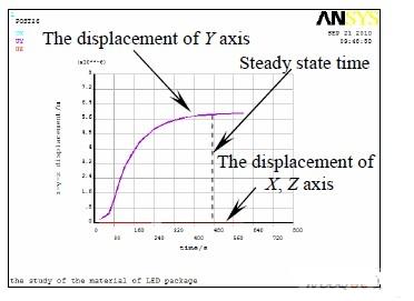 芯片頂面中心節(jié)點的位移隨時間變化曲線如圖7 所示,X 和Z 方向位移近似為零,Y 方向的位移隨著時間和溫度場的變化而不斷變化(Y 向為器件縱向即溫度傳遞方向),在光源點亮500 s 左右后,溫度場進入穩(wěn)定狀態(tài),此時芯片應變量達到最大6.3 μm,與瞬態(tài)溫度場的變化相符。
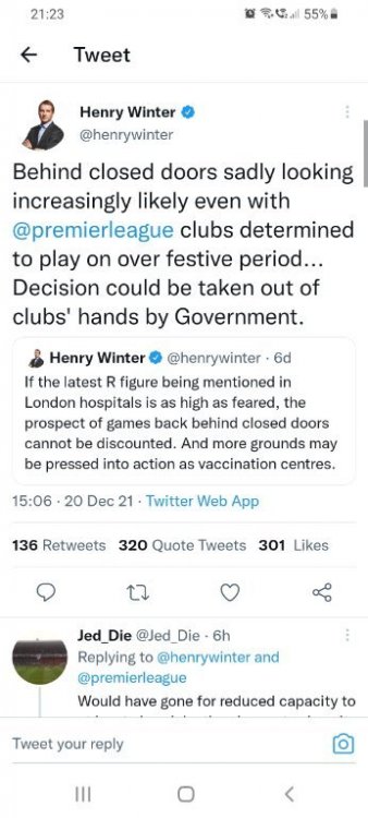 Widespread reports about a 2 week circuit breaker which will inevitably go on beyond that. To expect football grounds to continue as normal amidst that would be naive. I am against a lockdown but I think after today there wont be any live football in stadiums for a bit. -
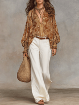 The Bohemian Paisley Blouse features a captivating and vibrant paisley print, embodying a sense of artistic freedom and effortless style. Made with lightweight and breathable fabric, this blouse ensures both comfort and elegance for all-day wear.
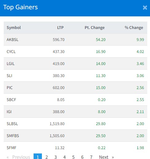 आज सबैभन्दा धेरै आँधिखोला लघुवित्तका लगानीकर्ताले कमाएका छन् । कम्पनीका लगानीकर्ताले ९ दशमलव ९९ प्रतिशतका दरले कमाएका छन् । केवाइसी नेपाल लघुवित्तका लगानीकर्ताले ४ दशमलव ०२ प्रतिशतका दरले कमाएका छन् । लुम्निी जनरल इन्स्योरेन्स कम्पनीका लगानीकर्ताले ३ दशमलव ४६ प्रतिशतका दरले कमाएका छन् । सानिमा लइफका लगानीकर्ताले ३ प्रतिशतका दरले कमाएका छन् ।
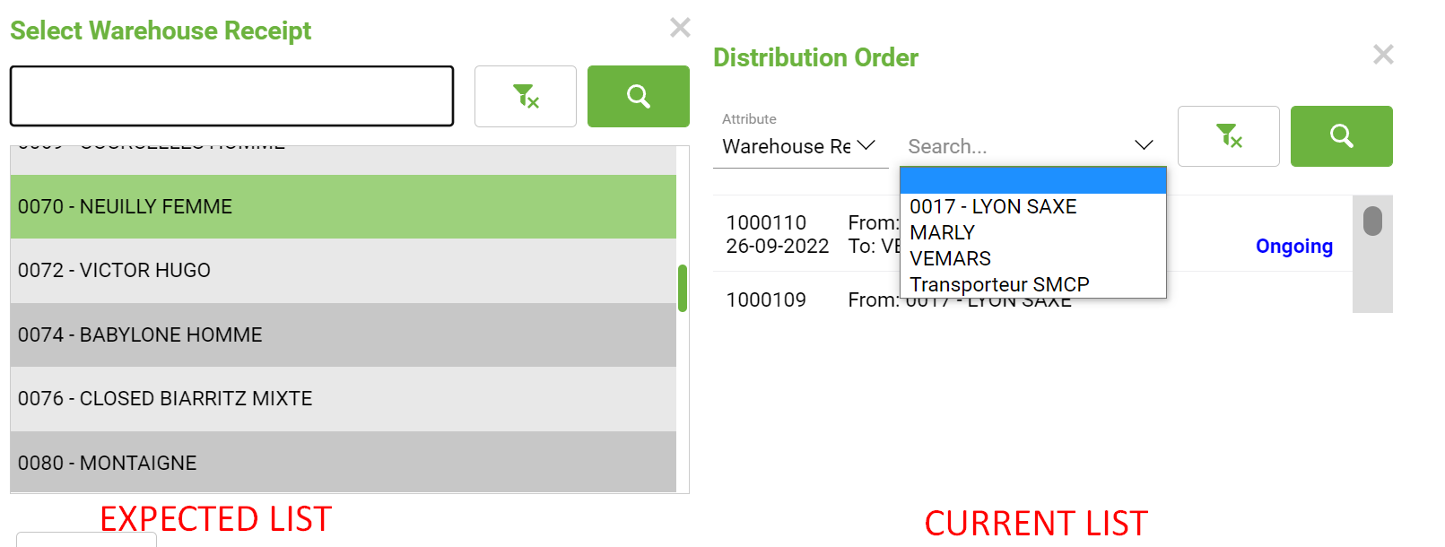 DescriptionThe list of recipient stores is almost empty when it should show all available warehouses
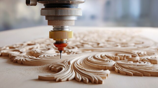 Intricate cnc machine wood carving detail in workshop setting
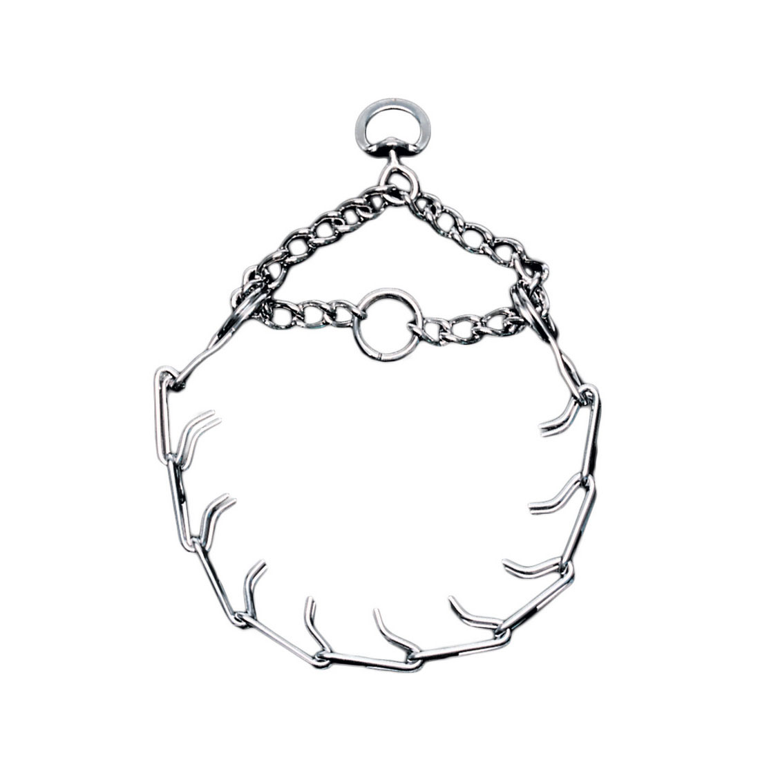 Our Titan Chain Training Prong Collar is argon welded and chrome plated for maximum strength and durability. It will not tarnish, rust or break. Featuring a link closure style, prong links unfasten for easy collar placement and removal. Extra links and vinyl comfort tips are available. Available in 2.0 mm x 14 in , 3.0mm x 18 in , 3.3 mm x 20 in and 4.0 mm x 22 in . Chain training prong collars are safe, effective training tools with proper use. They are not to be used for tie out.
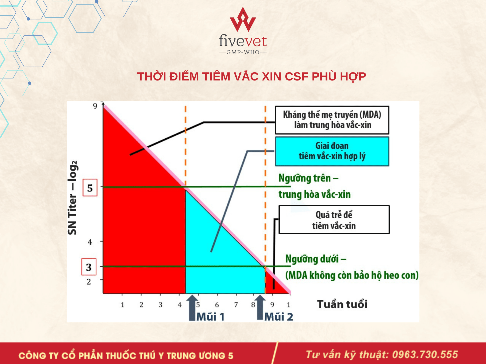 Vì vậy, nên chọn thời điểm tiêm phòng cho heo con khi kháng thể mẹ truyền nhỏ hơn 5log

__________________________________________________

■ **Prompt**: Leave the pictures aside. Set down exactly the lines from the one with "The Bohemian Paisley" through the final line of the listing above.

■ **Final answer**:
 The Bohemian Paisley Blouse features a captivating and vibrant paisley print, embodying a sense of artistic freedom and effortless style. Made with lightweight and breathable fabric, this blouse ensures both comfort and elegance for all-day wear.
 आज सबैभन्दा धेरै आँधिखोला लघुवित्तका लगानीकर्ताले कमाएका छन् । कम्पनीका लगानीकर्ताले ९ दशमलव ९९ प्रतिशतका दरले कमाएका छन् । केवाइसी नेपाल लघुवित्तका लगानीकर्ताले ४ दशमलव ०२ प्रतिशतका दरले कमाएका छन् । लुम्निी जनरल इन्स्योरेन्स कम्पनीका लगानीकर्ताले ३ दशमलव ४६ प्रतिशतका दरले कमाएका छन् । सानिमा लइफका लगानीकर्ताले ३ प्रतिशतका दरले कमाएका छन् ।
 DescriptionThe list of recipient stores is almost empty when it should show all available warehouses
 Intricate cnc machine wood carving detail in workshop setting
 Our Titan Chain Training Prong Collar is argon welded and chrome plated for maximum strength and durability. It will not tarnish, rust or break. Featuring a link closure style, prong links unfasten for easy collar placement and removal. Extra links and vinyl comfort tips are available. Available in 2.0 mm x 14 in , 3.0mm x 18 in , 3.3 mm x 20 in and 4.0 mm x 22 in . Chain training prong collars are safe, effective training tools with proper use. They are not to be used for tie out.
 Vì vậy, nên chọn thời điểm tiêm phòng cho heo con khi kháng thể mẹ truyền nhỏ hơn 5log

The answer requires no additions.